This threat was identified in [5] but was classified as a general
IPv6 threat and not specific to Mobile IPv6. It is also identified
in RFC 2461 [2]. This threat is a redirect/DoS attack.
An attacking node on the same subnet as a host attempting to discover
a legitimate last hop router could masquerade as an IPv6 last hop
router by multicasting legitimate-looking IPv6 Router Advertisements
or unicasting Router Advertisements in response to multicast Router
Advertisement Solicitations from the entering host. If the entering
host selects the attacker as its default router, the attacker has the
opportunity to siphon off traffic from the host, or mount a man-in-
the-middle attack. The attacker could ensure that the entering host
selected itself as the default router by multicasting periodic Router
Advertisements for the real last hop router having a lifetime of
zero. This may spoof the entering host into believing that the real
access router is not willing to take any traffic. Once accepted as a
legitimate router, the attacker could send Redirect messages to
hosts, then disappear, thus covering its tracks.
This threat is partially mitigated in RFC 2462; in Section 5.5.3 of
RFC 2462 it is required that if the advertised prefix lifetime is
less than 2 hours and less than the stored lifetime, the stored
lifetime is not reduced unless the packet was authenticated.
However, the default router selection procedure, as defined in
Section 6.3.6. of RFC 2461, does not contain such a rule.
The threat discussed in this subsection involves Router Advertisement
and Router Advertisement Solicitation messages.
This attack is not a concern if access to the link is restricted to
trusted nodes; if a trusted node is compromised, the other nodes are
exposed to this threat.
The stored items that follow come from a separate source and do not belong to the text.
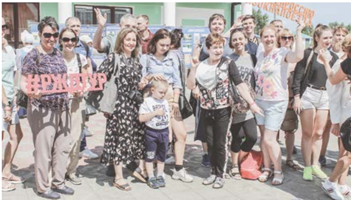
Пассажиры поезда на Славгородской земле.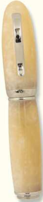
AT 34 R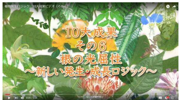
YOUTUBE動画「発生ロジック10大成果その6: 根の光屈性」

関連する知的財産論文等 Taro Kimura et al. (2021) Plant Physiology 187, 981-995. Taro Kimura et al. (2020) Plant Cell 32, 2004-2019. Ken Haga et al. (2015) Plant Cell 27, 1098-1112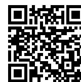
連絡メール2 保護者ログイン

* 保護者サイト https://renraku.education.ne.jp/parent/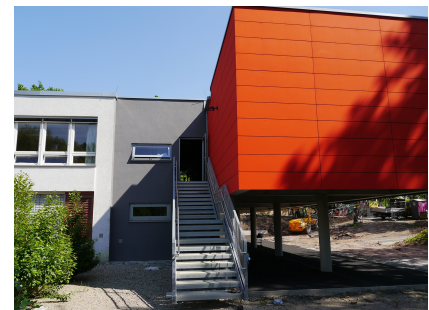
Der Übergang von der Kita zum neuen Familienzentrum FUN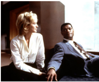
1995 DUO MORTEL (Bad Company) de Damian Harris avec Laurence Fishburne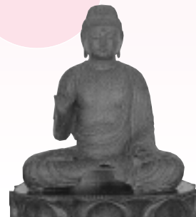
銅造阿彌陀如来坐像 ：全良寺蔵国指定重要文化財

時間：午前10時～午後6時(入館は5時30分まで) 観覧料 一般400円 高・大学生250円 中学生以下無料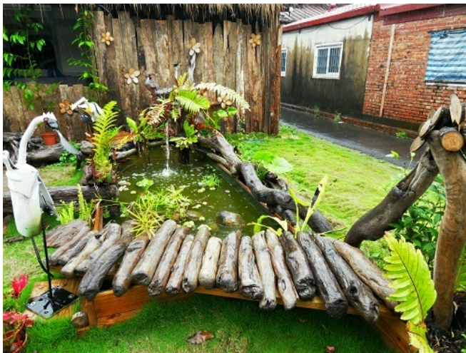
以檜木為基本建材，處處散發溫潤樸實的香氣。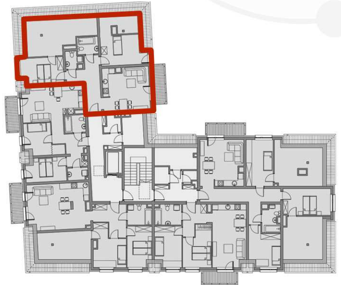
RZUTY KONDYGNACJI: PODDASZE

However, the threat can be partially
mitigated through a number of means, for example, by configuring the
nodes to prefer existing routers over new ones. Note that this
approach does not necessarily prevent one from introducing new
routers into the network, depending on the details of implementation.
At minimum, it just makes the existing nodes to prefer the existing
routers over the new ones.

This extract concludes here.